The value of a position is the same as the value of the best move(s) in the position. In multi-line mode we can get the value of the played move directly, while in single-line mode we can if needed take the value of the next position. A value of +1.50 or more is commonly labeled a “decisive advantage” by chess software (though there are many exceptions), whereas values between -0.30 and +0.30 are considered grades of equality—at least by some chess software. Accordingly let’s call any move that drops the value by 1.50 or more a blunder. We will tabulate ranges in -0.40…+0.40 where a blunder most matters. Value exactly 0.00 gets a range to itself.

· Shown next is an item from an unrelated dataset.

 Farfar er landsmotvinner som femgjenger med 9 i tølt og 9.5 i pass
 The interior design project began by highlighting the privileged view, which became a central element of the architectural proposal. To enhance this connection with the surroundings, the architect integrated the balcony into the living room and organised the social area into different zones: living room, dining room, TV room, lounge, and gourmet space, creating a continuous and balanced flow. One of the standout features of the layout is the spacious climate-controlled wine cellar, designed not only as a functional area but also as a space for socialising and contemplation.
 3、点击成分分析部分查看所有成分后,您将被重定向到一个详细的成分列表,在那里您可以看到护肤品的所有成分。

The final wrinkle is that we will use the engines’ highest-depth values to group the positions, but distinguish cases where the human player’s move was regarded as a blunder at depth 5, 10, 15, and 20. The last includes some depth-19 values. Doing so distinguishes immediate blunders like hanging your queen from subtle mistakes that require a lot of depth to expose. The data divides fairly neatly into thirds, one for “amateur” players under 2000 (387,024 positions from 6,187 games), then the 2000–2250 range (394,186 from 6,380), then 2300 and above (372,587 from 6,035). The depth-5 numbers for Stockfish 7 are “off” for reasons I demonstrated in a chess forum post; responses seem to confirm a recent bug that has lessened impact for depths 9 and higher. (See Update below.) The tables are for single-line mode (the multi-line mode results are similar including the Stockfish anomaly), and positions are analyzed sans game history so that only repetitions downstream in the search are detected.

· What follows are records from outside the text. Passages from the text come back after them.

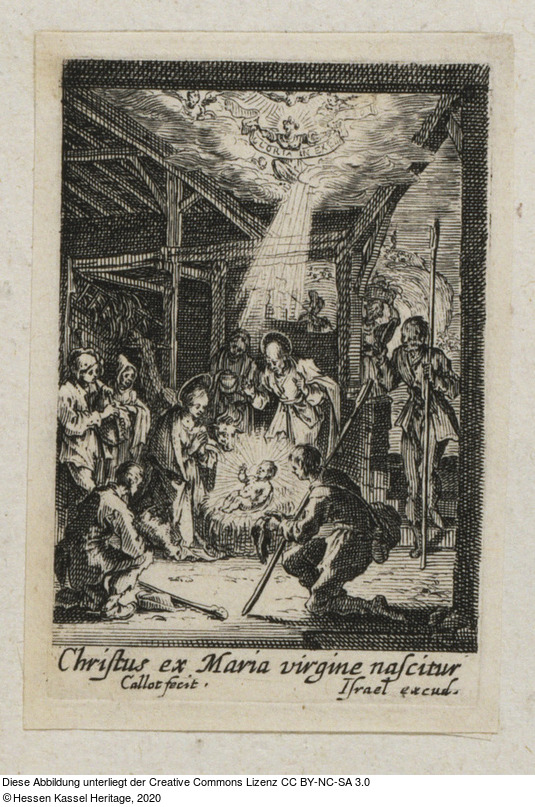 in der Platte: GLORIA IN EXEL DEO; Christus ex Maria Virgine nascitur; Callot fecit.; Israel excud.;
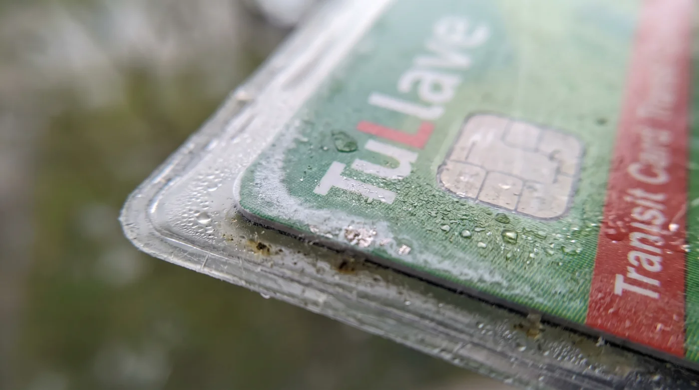 Piensa en la intensa diferencia entre dormir cubierto con una sábana de algodón suave o pasar la noche envuelto en una bolsa sintética de basura. La tarjeta TuLlave no respira orgánicamente, pero el entorno cerrado que la rodea muta constantemente con la lluvia de la tarde y los drásticos cambios de temperatura característicos de la ciudad.
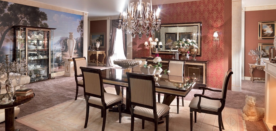 The Royale Arcade dining table from the Italian manufacturer Turri. The frame is made of wood. The handmade decor. Finish - gloss polyester, dark brown with a pattern of tree root. Rectangular table perfectly complement the classic interior of the living room.
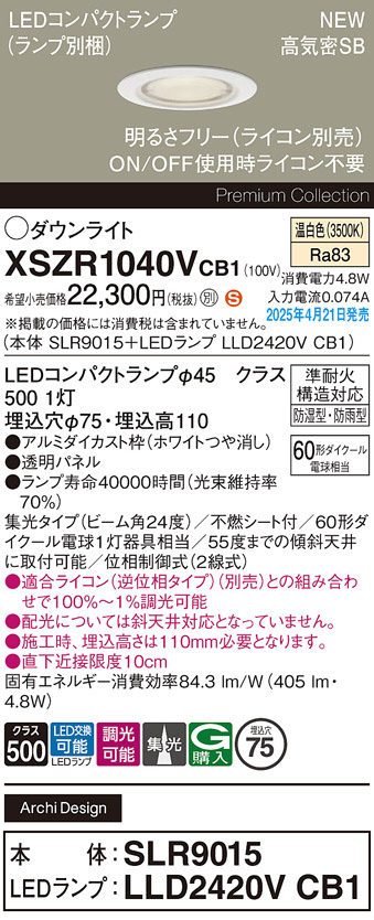 Panasonic ¥¨¥¯¥¹¥Æ¥ê¥¢¥À¥¦¥ó¥é¥¤¥È XSZR1040VCB1
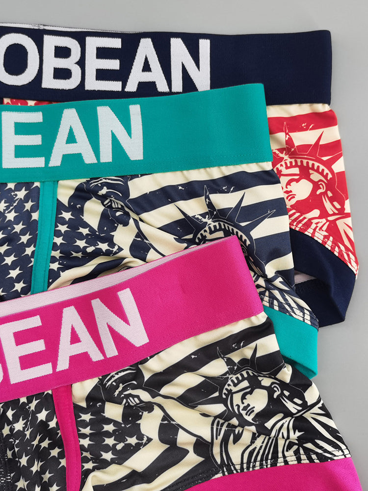 2 Pack Men's Statue of Liberty Print Comfortable and Breathable Trunks

The point is not that weaker players make more large mistakes, but rather the “Red Sea” effect at 0.00. It becomes more pronounced at the greatest depths and for the strongest players. Here are the figures for players rated 2600 and above, from 90,045 positions in 1,335 games. They are tabled in smaller intervals of 0.10 within the “equality” range -0.30 to +0.30.
Although Stockfish and Komodo have differences in their evaluation scales—happily less pronounced than they were 1 and 2 years ago—they agree that the world’s elite made six times more large errors when on the lower side of equality. This begs asking not only why but whether it is a real human phenomenon.
What Can Explain It?
There seems no possible rational explanation—indeed the sharp change at 0.00 counters the rational hypothesis discussed in this paper and toward the end of my 2014 TEDxBuffalo talk. But it is also hard to sustain a psychological explanation. If being slightly behind puts one off one’s game, why is the ratio accentuated for the top players? That this training set includes only games in which the players are evenly matched minimizes any variance from overconfidence or “fear factors.”

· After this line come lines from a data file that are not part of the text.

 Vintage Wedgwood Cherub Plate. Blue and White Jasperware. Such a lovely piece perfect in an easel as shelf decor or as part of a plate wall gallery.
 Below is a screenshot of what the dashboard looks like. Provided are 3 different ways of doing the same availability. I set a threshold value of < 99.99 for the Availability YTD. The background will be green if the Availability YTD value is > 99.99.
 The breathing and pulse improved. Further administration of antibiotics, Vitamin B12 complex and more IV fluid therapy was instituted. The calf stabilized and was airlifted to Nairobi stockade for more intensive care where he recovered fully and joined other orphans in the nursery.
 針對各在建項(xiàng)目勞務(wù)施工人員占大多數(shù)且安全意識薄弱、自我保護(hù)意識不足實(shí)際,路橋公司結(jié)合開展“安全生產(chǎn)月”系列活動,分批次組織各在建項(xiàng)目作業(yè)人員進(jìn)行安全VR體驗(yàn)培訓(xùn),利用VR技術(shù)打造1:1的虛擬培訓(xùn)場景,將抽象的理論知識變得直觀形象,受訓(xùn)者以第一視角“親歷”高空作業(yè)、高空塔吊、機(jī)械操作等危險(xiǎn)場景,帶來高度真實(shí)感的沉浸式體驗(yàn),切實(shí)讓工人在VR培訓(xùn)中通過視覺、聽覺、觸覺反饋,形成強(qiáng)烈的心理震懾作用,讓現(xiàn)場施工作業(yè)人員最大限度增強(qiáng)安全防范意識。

My proposed explanation leans on the above-mentioned engine behavior with repetitions and 0.00 values. Spot-checks affirm that the wide 0.00 bin includes many positions where the armies trade blows but fall into a repeating sequence from which neither can veer without cost. If the machine judges your position worth +0.01 or more then it places you discretely above this no-man’s zone. Any notionally big slip you make still has a good chance of being caught in this large attraction basin and hence being charged as only a small error by the computer. Whereas a slip from 0.00 or below has no safety net and falls right down.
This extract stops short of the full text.